Signed-off-by: Moshe Shemesh <moshe@nvidia.com>
Reviewed-by: Leon Romanovsky <leonro@nvidia.com>
Signed-off-by: Saeed Mahameed <saeedm@nvidia.com>
Acked-by: Thomas Bogendoerfer <tbogendoerfer@suse.de>
---
 drivers/net/ethernet/mellanox/mlx5/core/cmd.c     |   44 +++++++++++++++++-----
 drivers/net/ethernet/mellanox/mlx5/core/debugfs.c |    7 +++
 include/linux/mlx5/driver.h                       |    9 ++++
 3 files changed, 51 insertions(+), 9 deletions(-)

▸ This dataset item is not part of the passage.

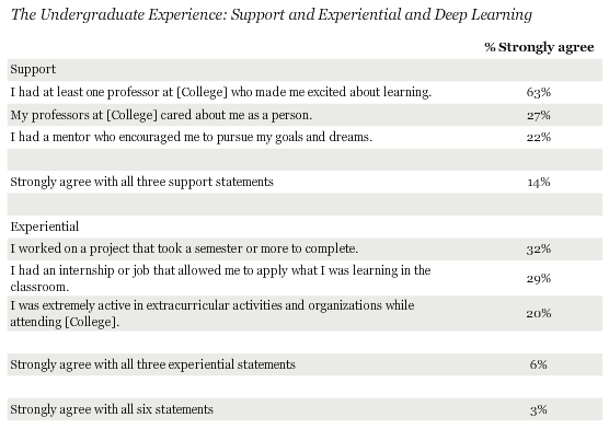 Using my daughter as an example, I wrote a piece on my own blog when Gallup-Purdue originally released its findings. Caitlin would have been one of the three percenters. A former marketing director for a toy company, Caitlin launched a start-up (Maxable) in early 2018, moved to the Silicon Valley, and is happy in her career and her personal life.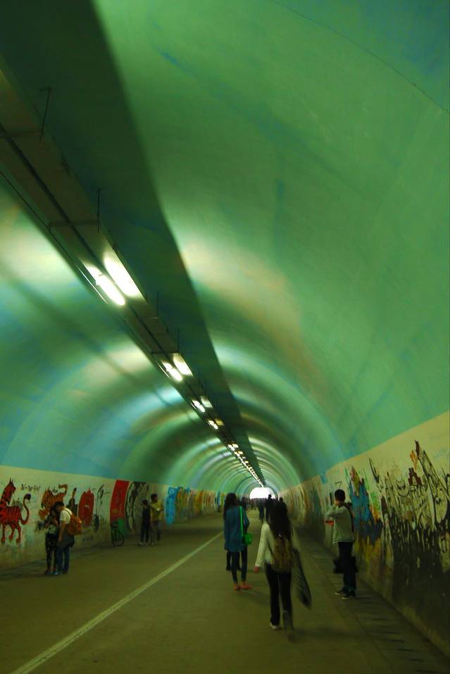 隧道很长,里面很多不错的作品,但我最喜欢的还是学生从公寓区骑着自行车穿梭在长长的隧道里赶去上课的感觉。

--- a/drivers/net/ethernet/mellanox/mlx5/core/cmd.c
+++ b/drivers/net/ethernet/mellanox/mlx5/core/cmd.c
@@ -1888,16 +1888,38 @@ out_in:
 	return err;
 }
 
+static void cmd_status_log(struct mlx5_core_dev *dev, u16 opcode, u8 status, int err)
+{
+	struct mlx5_cmd_stats *stats;
+
+	if (!err)
+		return;
+
+	stats = &dev->cmd.stats[opcode];
+	spin_lock_irq(&stats->lock);
+	stats->failed++;
+	if (err < 0)
+		stats->last_failed_errno = -err;
+	if (err == -EREMOTEIO) {
+		stats->failed_mbox_status++;
+		stats->last_failed_mbox_status = status;
+	}
+	spin_unlock_irq(&stats->lock);
+}
+
 /* preserve -EREMOTEIO for outbox.status != OK, otherwise return err as is */
-static int cmd_status_err(int err, void *out)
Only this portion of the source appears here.